Nomination of John Roberts

Location: Washington, DC

NOMINATION OF JOHN ROBERTS -- (Senate - September 21, 2005)


Mr. KERRY. Mr. President, we all know there are few things the Senate does which are as important as confirming a Supreme Court Justice, let alone the Chief Justice of the United States. We know that making the decision to support or oppose the nomination is both serious and complicated. We do not need to belabor those points.

What we do need to talk about is what kind of process ought to occur, must occur, before a Senator can vote for or against a judicial nominee. What kind of information should be provided? What kind of discourse should we engage in?

I met with Judge Roberts last week. I must say I enjoyed our conversation enormously. He is earnest, friendly, incredibly intelligent, and on a personal level I liked him. He has dedicated his life to the law, has given back to the legal community, and is certainly beyond question a superb lawyer. It may turn out he will be an outstanding Chief Justice. But I can't say with confidence that I know on a sufficient number of critical constitutional issues how he would rule or what his legal approach would be. I have read memos he wrote during the Reagan administration. I have reviewed the limited materials available from his time in the Solicitor General's office, where he worked under Ken Starr, and then in private practice at Hogan and Hartson. I have read the cases he participated in on the DC Circuit. I have listened to as much of the Judiciary Committee hearings as I could and I have reviewed transcripts where I couldn't.

After all of that, I still find something essential is missing, something critical to our democratic process, something to ensure that we have an appropriate understanding of both our courts and our judges and their role in America. That understanding requires a genuine exchange of information and a real development of ideas, similar, in fact, to that which occurs in every argument at the Supreme Court itself or in the appellate courts.

In appellate arguments, judges and Justices question lawyers, probing the depth of their legal arguments, testing their particular legal argument against the court's, or determining how it fits into their interpretation of the Constitution. They determine how interpretive principles apply and how they can reconcile apparently conflicting arguments. They make a judgment about the consequences of a potential outcome. The result in the end is a better understanding of the record before the court and, hopefully, a principled approach to deciding the case.

Judge Roberts' Judiciary Committee hearings, notwithstanding the efforts of the Chair and many other of the Senators partaking in it, continue an increasingly sterile confirmation process: little genuine legal engagement between the questioners and the questioned, no real exchange of information, and too little substantive discussion.

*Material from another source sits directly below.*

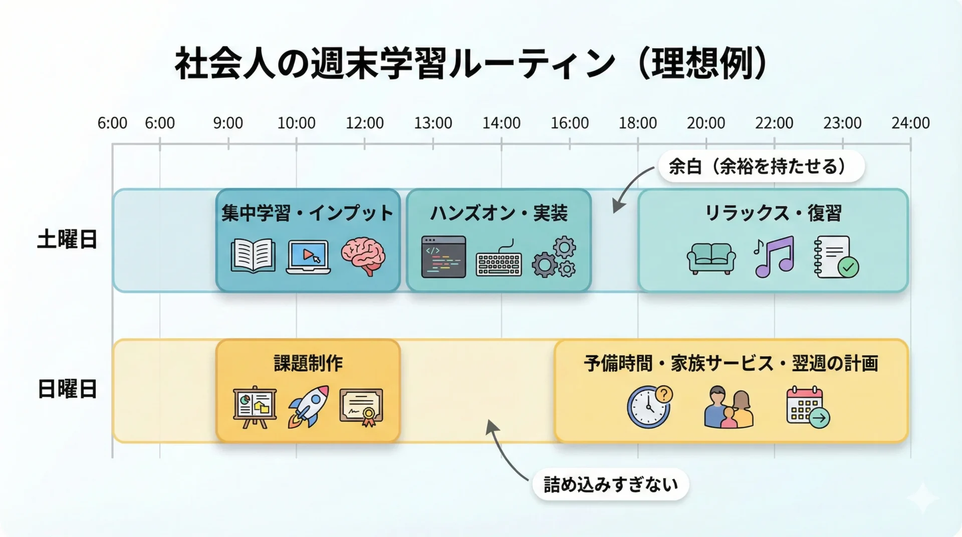 週末学習を軌道に乗せるための具体的なテクニックを紹介します。

The confirmation exercise has now become little more than an empty shell. People are left guessing, hoping they understand the nominee's positions.

The administration's steadfast refusal to disclose documents Judge Roberts worked on while serving as a Deputy Solicitor General in the first Bush administration has only compounded this problem. They claim disclosure of the documents will violate attorney-client privilege. I find that argument absurd. What client are they trying to protect? The Solicitor General represents the people of the United States of America. He is charged with arguing cases on behalf of all Americans. We were Judge Roberts' client when he worked in the Solicitor General's office. We have a right to know what he thought about the arguments he made on behalf of the American people.

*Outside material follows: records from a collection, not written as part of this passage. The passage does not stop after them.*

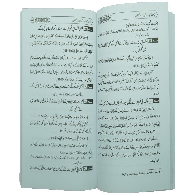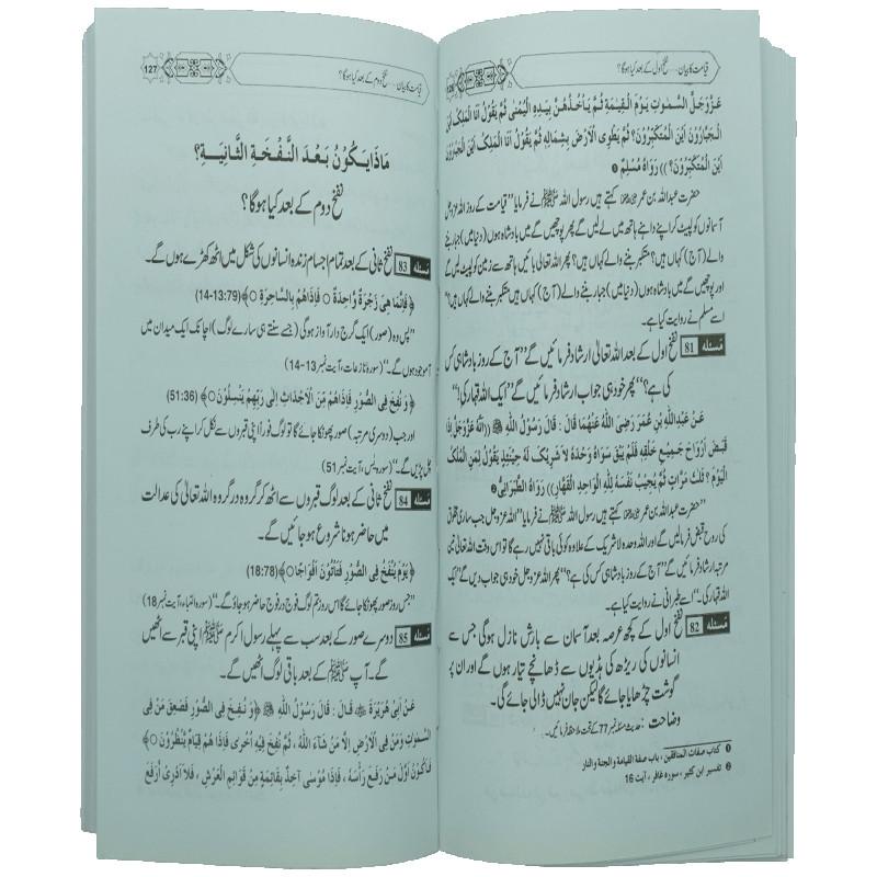 اس کتاب میں قیامت پر ایمان کا وجوب، قیامت کے دلائل، صور کا بیان، حشر کا بیان، عدالت الٰہی کا منظر، حوض کوثر، شفاعت، حساب کتاب، میزان، پل صراط، قنطرہ اور آخری منزل جنت یا جہنم کے مسائل قرآن و حدیث کی روشنی میں بیان کیے گئے ہیں۔
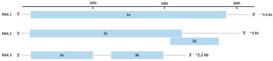 The family Bromoviridae contains some of the most important plant RNA viruses, with members distributed worldwide, infecting over 10,000 plant species [94]. The genomes of this family are tri-segmented, positive-sense, and single-stranded RNAs approximately 8 kb in length [95]. RNA1 and RNA2 encode for proteins involved in virus replication, whilst RNA3 encodes for the proteins, MP and CP (Figure 6). In some members, especially genus Cucumovirus, a fifth protein, P2b, located in RNA2 and part of the C-terminus region of the P2 protein, is involved in silencing suppression, systemic movement, and expression of symptoms (Figure 6) [94].
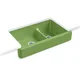The Whitehaven apron-front kitchen sink features a streamlined and versatile farmhouse style to complement any decor. Perfect for remodeling projects, it has a shortened apron that allows for installation on most new or existing 36-inch standard cabinetry. The Self-Trimming® design requires only a simple rough cut, overlapping the cabinet face for beautiful results and easy installation. A low barrier divides the two compartments, making it easy to wash and rinse large items while still keeping the two basins separate. Crafted from enameled cast iron, this sink resists chipping, cracking, or burning for years of beauty and reliable performance.
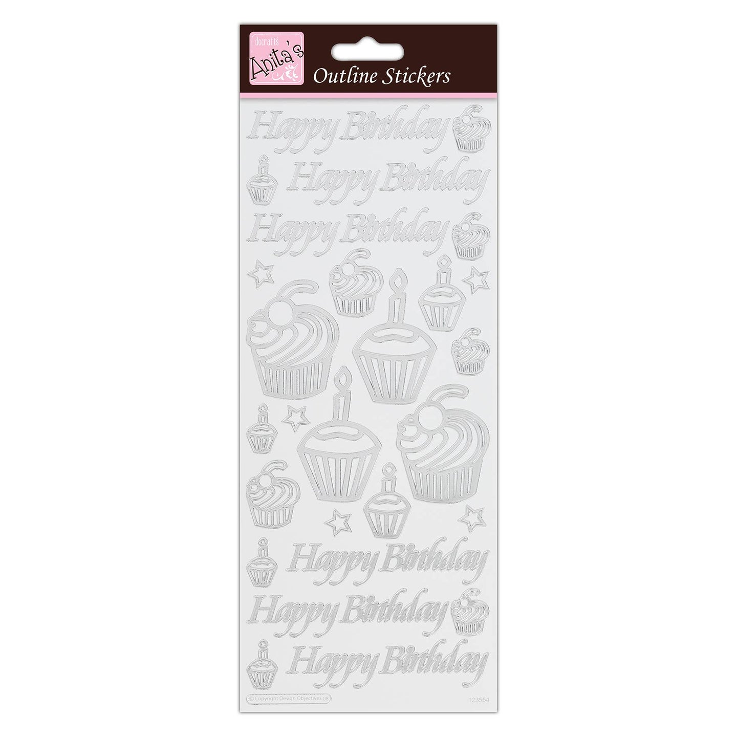 Anita's Outline Stickers, Birthday Cupcake, Silver on White, For Scrapbooking, Card Making, Kids Play, Homework, Art, Craft, Embelish, Decorative, Paper, Card, Glass, Metal, Plastic, Foam
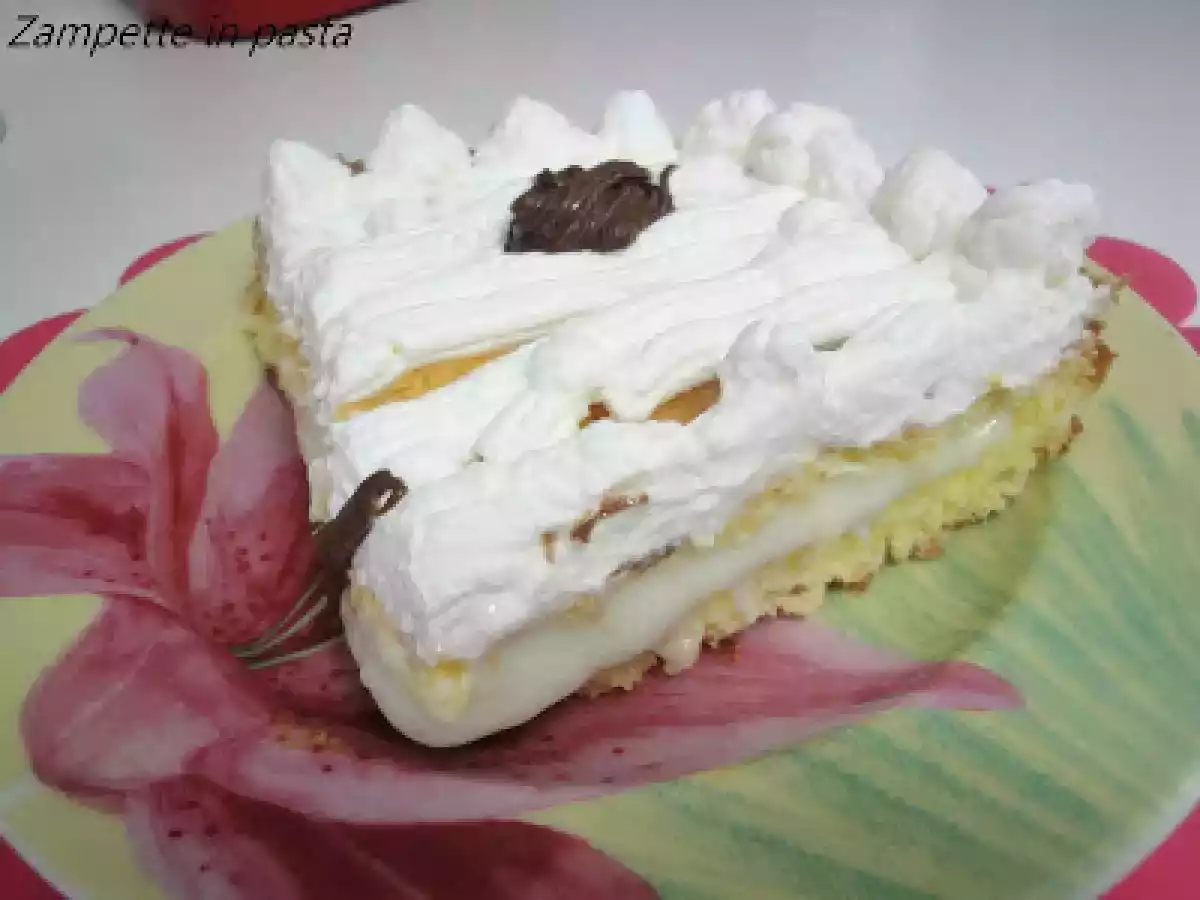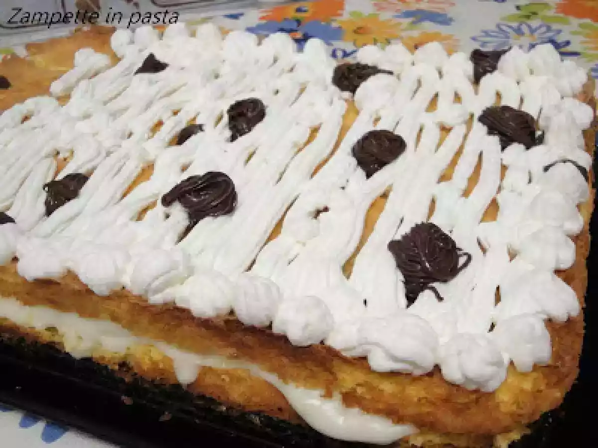 Torta di compleanno del mio papa' PrecedenteProssimo Dessertfacile1 h 10 m Invia questa ricetta ad un amico Stampa la ricetta Contatta l'autore della Ricetta Pubblica la foto di questa ricetta Ingredienti 4 5 uova 200 g di zucchero 150 g di farina setacciata 100 g di fecola di patate la buccia di 1/2 limone sale CREMA AL LATTE: 100 g di zucchero 500 ml di latte 100 g di farina 1 bustina di vanillina 125 ml di panna per dolci
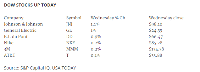 Source: Usatoday- Six Dow stocks actually up today
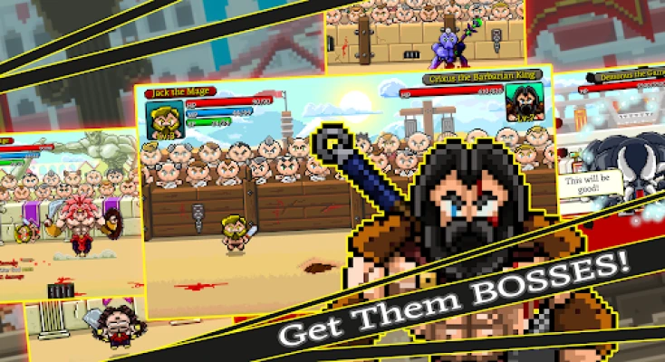 Fight through five Chapters of constantly changing, randomly generated gladiators.
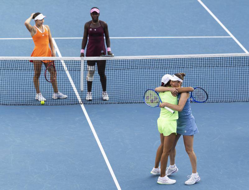 更难得的是,这是一对“临时重组”的组合。梅尔滕斯笑称,她们是最后一刻才组队的,这其实是两人重新搭档后的第一站比赛。上一次在大满贯搭档,她们打进了2022年温网女双决赛。

When John Roberts served as a Deputy Solicitor General under Ken Starr, he was intimately involved in critical decisions that office made, such as whether to intervene in a pending case; what legal arguments to advance in support of their position; whether to push for Supreme Court review; what the consequences of those arguments or that action would be; how those arguments fit into their theory of constitutional interpretation, whether those arguments reflect the views of the American people--all of these decisions are critical to an individual's thinking, to their approach to the law, to their understanding of public trust and public responsibility, to their understanding of the Constitution itself. All of these decisions helped to shape how Federal law was applied and how our Constitution was interpreted during that period of time.

The fact is, there are bureaucrats, none of whom take an oath, as we do, to uphold the Constitution, who are aware of the contents of those particular memoranda. Yet we, the Senators, who are constitutionally obligated to give consent to this nominee, still do not know what positions Judge Roberts took, the arguments he made, or the thinking behind those arguments.

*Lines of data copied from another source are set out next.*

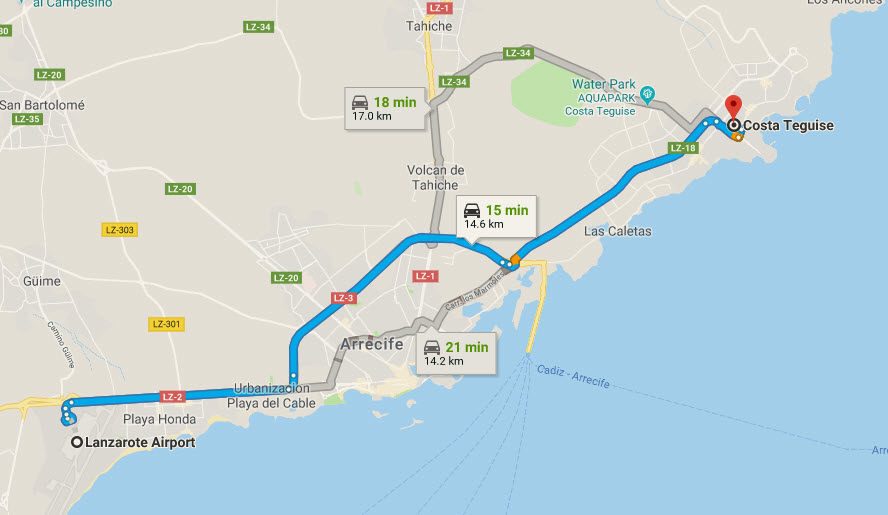Wenn Sie erst einmal in Lanzarote gelandet sind, haben Sie es fast geschafft – denn der Transfer nach Costa Teguise dauert nur 15 Minuten. Beim Anbieter Shuttle Direct können Sie diesen auch vorbuchen und haben dabei die Wahl zwischen einem privaten oder geteilten Shuttle.
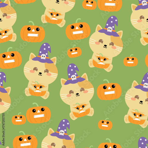 Seamless pattern cartoon kitty with halloween pumpkin and halloween element drawing. cute drawing for wallpaper and background
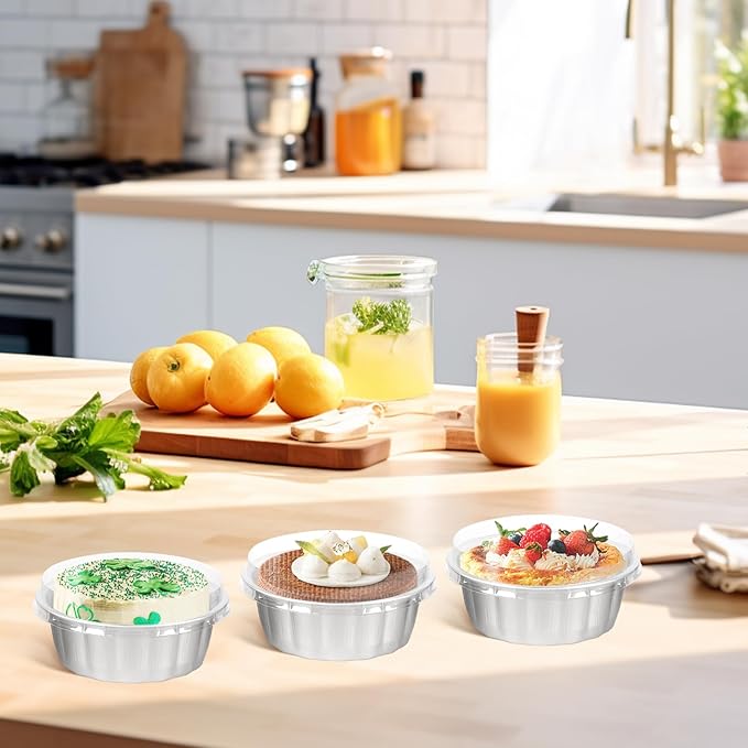 - Convenient for Serving Crowds --- Designed for serving a crowd, these aluminum pie pans are colorful, unbreakable and disposable, which can work great for gatherings or different parties. Each cup with a lid can be cooked in different kinds of dessert, serving well for individual taste.

For example, the Solicitor General's office decided to intervene in Bray v. Alexandria Women's Health Clinic. That case was brought against abortion clinic protesters during the height of clinic violence and bombings. The plaintiffs argued that protesters were violating a Federal antidiscrimination law by blocking access to clinics and inciting violence. The Government intervened and argued that the Federal antidiscrimination law did not apply and, therefore, could not be used to stop the protesters.

Judge Roberts briefed and argued the case for the Government. I believe the arguments advanced by the Government and the consequences of those arguments are troubling, but what we do not know is even more important: What role did Judge Roberts play in making them? What did he think about that approach? Did he consider the consequences on life, limb, and individual? Did he argue for a more narrow or broad interpretation of the law?

At the same time, the Solicitor General's office intervened in a district court case in Wichita, KS, which raised the same issues that the Supreme Court in Bray was facing. The Government tried to get the district court to lift an injunction put in place to protect the safety of the clinic workers and patients. They argued that the plaintiffs could not win and, therefore, the injunction was improper. The district court denied the Government's request and chastised it for unnecessarily endangering people's lives. Those are the real consequences. We ought to know what kind of thinking, what were the legal approaches to the protection of those individuals' lives.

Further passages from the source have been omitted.